§ Material to process:
--------------------------------
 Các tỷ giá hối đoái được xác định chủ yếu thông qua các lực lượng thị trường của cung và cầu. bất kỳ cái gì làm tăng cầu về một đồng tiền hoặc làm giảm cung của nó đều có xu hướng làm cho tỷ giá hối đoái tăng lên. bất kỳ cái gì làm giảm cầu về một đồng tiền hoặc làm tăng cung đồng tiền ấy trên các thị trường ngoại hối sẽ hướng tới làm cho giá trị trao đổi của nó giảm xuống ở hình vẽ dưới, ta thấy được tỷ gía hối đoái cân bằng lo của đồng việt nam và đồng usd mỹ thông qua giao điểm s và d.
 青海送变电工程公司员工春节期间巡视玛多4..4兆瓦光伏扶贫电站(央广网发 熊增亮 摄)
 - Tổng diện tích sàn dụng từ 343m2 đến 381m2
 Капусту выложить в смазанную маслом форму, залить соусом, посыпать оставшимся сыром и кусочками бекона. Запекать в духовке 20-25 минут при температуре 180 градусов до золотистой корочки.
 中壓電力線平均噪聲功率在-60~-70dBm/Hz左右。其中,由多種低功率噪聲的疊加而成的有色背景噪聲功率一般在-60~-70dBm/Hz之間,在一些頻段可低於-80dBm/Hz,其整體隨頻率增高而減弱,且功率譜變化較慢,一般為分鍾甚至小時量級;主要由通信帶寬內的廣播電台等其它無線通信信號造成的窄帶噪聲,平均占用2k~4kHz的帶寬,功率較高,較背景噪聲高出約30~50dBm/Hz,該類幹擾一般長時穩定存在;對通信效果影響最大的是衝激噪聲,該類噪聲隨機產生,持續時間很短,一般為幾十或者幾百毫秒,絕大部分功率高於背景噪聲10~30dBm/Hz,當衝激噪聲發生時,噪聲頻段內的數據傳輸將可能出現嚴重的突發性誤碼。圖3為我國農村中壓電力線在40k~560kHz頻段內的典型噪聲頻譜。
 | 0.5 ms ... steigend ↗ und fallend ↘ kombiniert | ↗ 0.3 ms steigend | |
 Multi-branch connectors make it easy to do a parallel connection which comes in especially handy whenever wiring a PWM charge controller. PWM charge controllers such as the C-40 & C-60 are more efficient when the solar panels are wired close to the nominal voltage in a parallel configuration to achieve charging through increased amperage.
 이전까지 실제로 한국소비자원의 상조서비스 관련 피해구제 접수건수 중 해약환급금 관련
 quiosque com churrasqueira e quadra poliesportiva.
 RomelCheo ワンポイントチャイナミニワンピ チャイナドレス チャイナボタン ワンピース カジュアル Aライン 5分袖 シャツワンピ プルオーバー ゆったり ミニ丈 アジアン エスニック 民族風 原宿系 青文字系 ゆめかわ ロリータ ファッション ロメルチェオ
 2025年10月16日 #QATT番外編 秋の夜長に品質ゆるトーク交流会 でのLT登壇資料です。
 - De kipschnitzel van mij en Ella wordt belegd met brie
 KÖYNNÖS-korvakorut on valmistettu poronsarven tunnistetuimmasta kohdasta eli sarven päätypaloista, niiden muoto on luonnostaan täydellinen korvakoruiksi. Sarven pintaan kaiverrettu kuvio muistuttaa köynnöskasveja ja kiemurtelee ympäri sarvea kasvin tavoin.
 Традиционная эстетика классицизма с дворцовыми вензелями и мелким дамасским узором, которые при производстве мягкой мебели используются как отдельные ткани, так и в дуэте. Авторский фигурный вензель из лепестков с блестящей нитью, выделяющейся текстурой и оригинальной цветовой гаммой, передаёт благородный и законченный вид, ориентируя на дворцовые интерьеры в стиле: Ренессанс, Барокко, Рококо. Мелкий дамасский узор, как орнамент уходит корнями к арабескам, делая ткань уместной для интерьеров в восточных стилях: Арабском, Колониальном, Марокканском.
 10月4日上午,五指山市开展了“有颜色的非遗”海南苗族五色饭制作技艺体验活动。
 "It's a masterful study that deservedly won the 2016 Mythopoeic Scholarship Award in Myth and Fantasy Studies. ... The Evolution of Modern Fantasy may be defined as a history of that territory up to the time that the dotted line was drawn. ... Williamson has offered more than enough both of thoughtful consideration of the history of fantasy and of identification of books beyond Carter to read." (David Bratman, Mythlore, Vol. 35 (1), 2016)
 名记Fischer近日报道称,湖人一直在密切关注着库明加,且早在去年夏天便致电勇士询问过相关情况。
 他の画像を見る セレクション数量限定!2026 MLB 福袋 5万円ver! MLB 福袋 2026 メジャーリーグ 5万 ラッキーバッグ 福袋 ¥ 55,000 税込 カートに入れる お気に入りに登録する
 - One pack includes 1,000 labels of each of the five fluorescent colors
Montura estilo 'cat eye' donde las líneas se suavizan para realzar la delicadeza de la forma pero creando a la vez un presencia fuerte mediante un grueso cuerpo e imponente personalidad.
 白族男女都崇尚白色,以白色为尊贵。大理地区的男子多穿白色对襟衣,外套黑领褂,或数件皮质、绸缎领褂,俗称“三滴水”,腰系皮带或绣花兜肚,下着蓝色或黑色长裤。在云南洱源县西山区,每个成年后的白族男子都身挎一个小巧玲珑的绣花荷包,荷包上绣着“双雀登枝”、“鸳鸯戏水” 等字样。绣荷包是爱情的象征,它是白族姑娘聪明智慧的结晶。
--------------------------------
§ Assignment: Go through the records above and copy every line holding the word "more".

§ Solution for this problem:
 Multi-branch connectors make it easy to do a parallel connection which comes in especially handy whenever wiring a PWM charge controller. PWM charge controllers such as the C-40 & C-60 are more efficient when the solar panels are wired close to the nominal voltage in a parallel configuration to achieve charging through increased amperage.
 "It's a masterful study that deservedly won the 2016 Mythopoeic Scholarship Award in Myth and Fantasy Studies. ... The Evolution of Modern Fantasy may be defined as a history of that territory up to the time that the dotted line was drawn. ... Williamson has offered more than enough both of thoughtful consideration of the history of fantasy and of identification of books beyond Carter to read." (David Bratman, Mythlore, Vol. 35 (1), 2016)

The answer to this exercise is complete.